WASHINGTON -- Attorney General John Ashcroft said yesterday that President George W. Bush never authorized torture of detained terrorism suspects, but he refused to release internal memos that discuss when torture is allowed.
In a testy three-hour Capitol Hill hearing, Ashcroft repeatedly rejected Democratic demands for memos recently leaked to the media which say that treaties and laws do not bar Bush from authorizing torture of terrorism suspects.
Ashcroft said Bush "has issued no such order" allowing torture or immunizing interrogators from prosecution.
"He has made no order that would require or direct the violation of any law of the United States ... or any treaty to which the United States is party," Ashcroft told the Senate Judiciary Committee.
But Ashcroft would not say whether Bush issued any order concerning the interrogation of detainees.

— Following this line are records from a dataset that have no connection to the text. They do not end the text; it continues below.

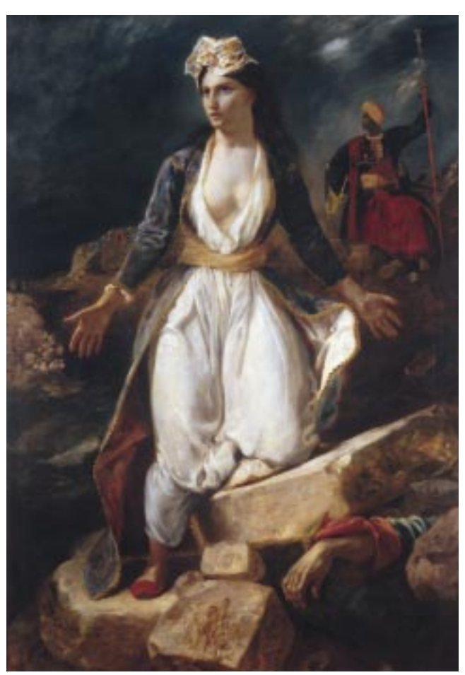
THE GREEK STRUGGLE FOR FREEDOM: EUGÈNE DELACROIX, GREECE EXPIRING ON THE RUINS OF MISSOLONGHI. The Greek revolt against the Ottoman Empire brought a massive outpouring of European sentiment for the Greeks. Romantic artists and poets were especially eager to publicize the struggle of the Greeks for independence. In this painting, the French painter Delacroix personified Greece as a majestic, defenseless woman appealing for aid against the victorious Ottoman Turk seen in the background. Delacroix's painting was done soon after the fall of the Greek fortress of Missolonghi to the Ottomans.

In 1815, Great Britain was governed by the aristocratic landowning classes that dominated both houses of Parliament. Suffrage for elections to the House of Commons, controlled by the landed gentry, was restricted and un-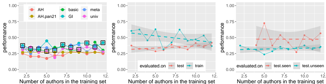
Figure 4: Performance by number of distinct authors in the training set. See the explanations about the different graphs in the caption of fig. 1. Note: the number of authors starts at 4 in the test set because there are not enough distinct documents by author to satisfy the conditions (contant size of the test set, balance between positive and negative cases) with less than 4 authors.

in order. This means that more distinct books are added at every increment for the low values in number of authors than for the high values.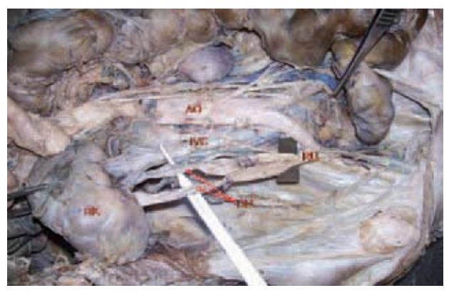
Figures 2 and 3. Incomplete double ureter (Y-shaped) in a male cadaver, which joined in the middle of the duplex system only on the right side. RK, indicates right kidney; IVC, inferior vena cava; AO, abdominal aorta; DU, double ureter; and RU, right ureter.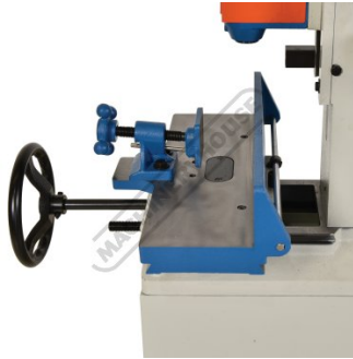
Table Travel-heavy duty device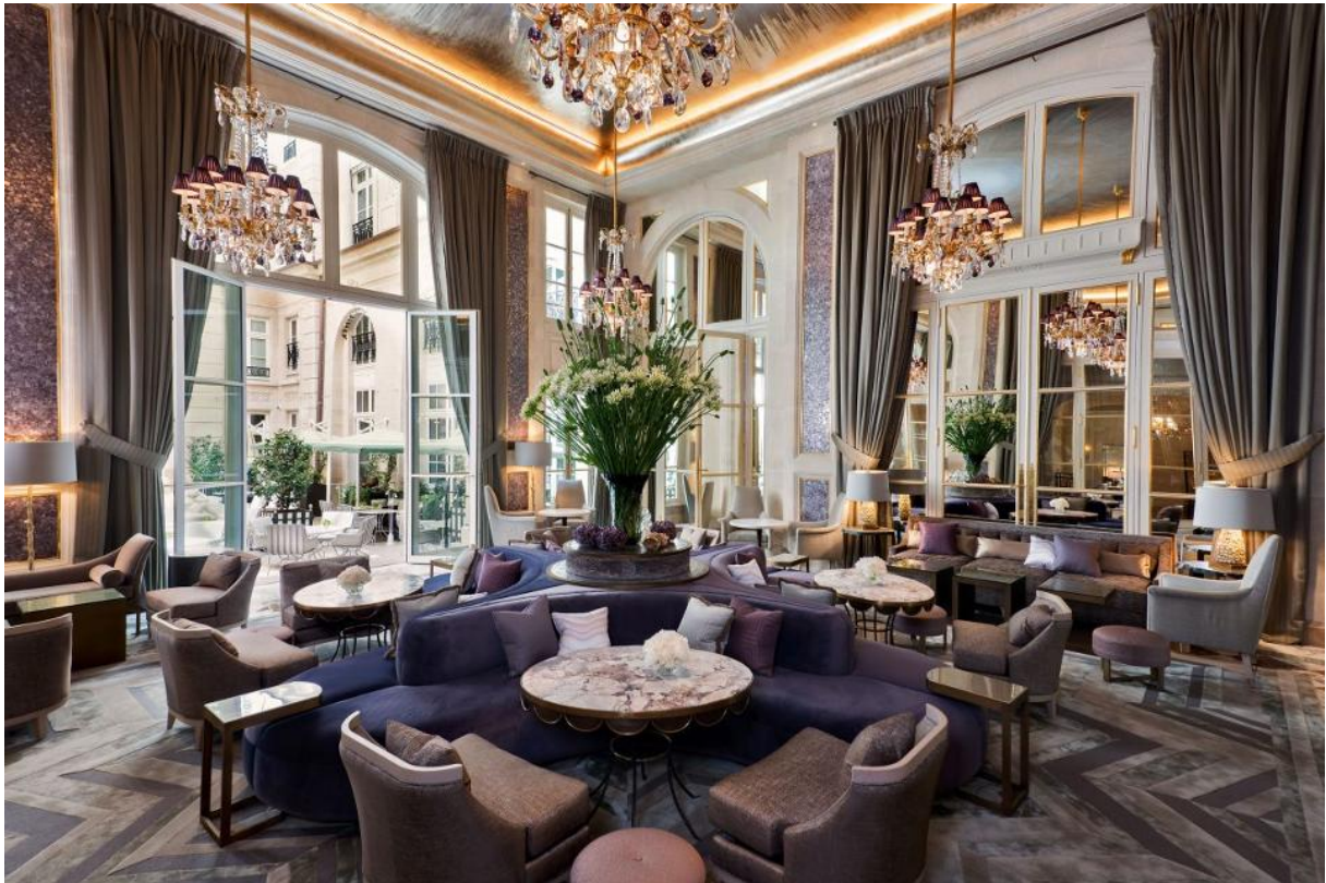
The hotel's Jardin d'Hiver - The Les Ambassadeurs bar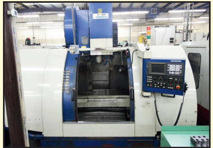
JOHNFORD MDL. SV-45H CNC VERTICAL MACHINING CENTER

JOHNFORD MDL. SV-45H , Fanuc Series 18M CNC control, 20" x 48" t.b.l., 45"X, 20.9"Y, 24.8" Z-axis travels, 50 taper, wired for 4th axis, 24-pos. ATC, S/N VN0303.

He also ducked questions about whether he agreed with a March 2003 memo written by administration lawyers saying that Bush as commander-in-chief could approve any type of interrogation.

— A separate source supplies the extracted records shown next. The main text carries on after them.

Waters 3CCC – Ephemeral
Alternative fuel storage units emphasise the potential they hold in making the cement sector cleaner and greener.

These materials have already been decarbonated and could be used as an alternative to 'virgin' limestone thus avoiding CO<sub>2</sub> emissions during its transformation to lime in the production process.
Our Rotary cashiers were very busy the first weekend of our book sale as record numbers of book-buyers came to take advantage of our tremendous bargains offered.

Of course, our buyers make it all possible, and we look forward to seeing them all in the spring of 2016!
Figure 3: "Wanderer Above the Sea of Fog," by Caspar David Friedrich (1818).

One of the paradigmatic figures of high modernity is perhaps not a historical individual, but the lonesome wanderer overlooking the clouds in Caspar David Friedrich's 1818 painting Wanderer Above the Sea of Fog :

"This administration rejects torture," Ashcroft said.
Ashcroft's replies and refusal to release memos angered Democrats who suggested the memos foment torture.
"We know when we have these kinds of orders what happens," Sen. Edward Kennedy (D-Mass.) said, flashing color photos of Iraqi prisoner abuse. "We get the stress test, we get the use of dogs, we get the forced nakedness."

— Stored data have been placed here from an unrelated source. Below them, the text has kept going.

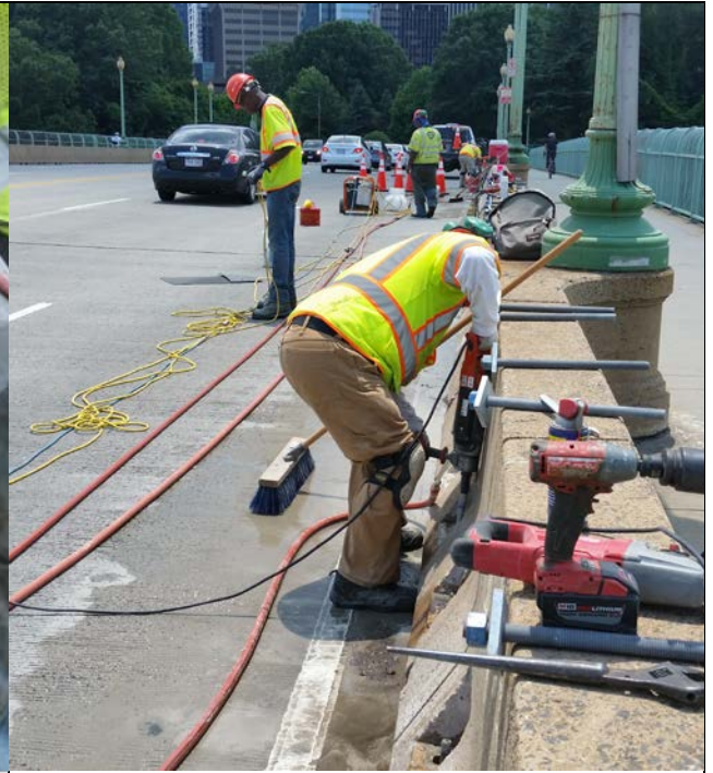
Remove and reset permanent precast concrete traffic barrier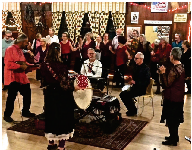
The crowd at the Razzmatazz Christmas party.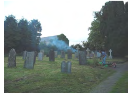
asking why haven't you started strimming yet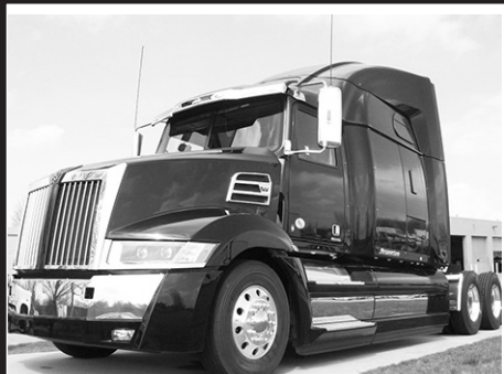
New '17 Western Star 5700XE , DD15, 505 hp, 13 spd., air ride, all alum. whls., 242" WB, stk. #E17282, $134,683.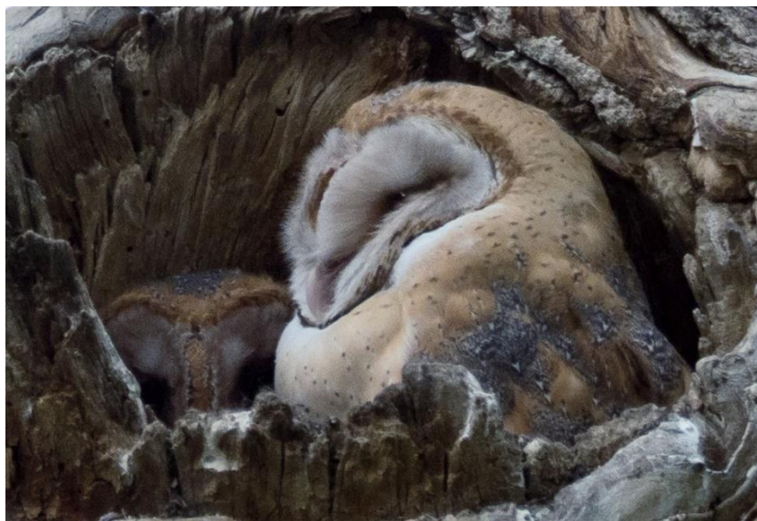
Barn Owl babies

Ashcroft shot back, "The suggestion that somehow this administration is engaged in conduct that provided a basis for that activity is simply false."
Republicans said memos should be withheld to avoid helping the enemy train to withstand interrogation techniques.
Sen. Joseph Biden (D-Del.) said Ashcroft "may be in contempt of Congress" for refusing to turn over the March 2003 memo and a Justice Department memo from August 2002.
Ashcroft said he wouldn't disclose the memos because "it is essential ... that the president have the opportunity to get information from his attorney general that is confidential."
Sen. Charles Schumer (D-N.Y.) said the memos provided more than information - "they had an effect on policy and what happened."
The Pentagon, downplaying the leaked memos, said it adopted interrogation methods for al-Qaida suspects held at Guantanamo Bay, Cuba, that did not constitute torture and complied with international treaties.
Ashcroft said yesterday that those detainees are not subject to protections of treaties because al-Qaida is not party to such treaties. But, he added, Bush said "we'll follow and accord principles of respect similar to those in the Geneva Conventions in dealing with al-Qaida warriors that we apprehend."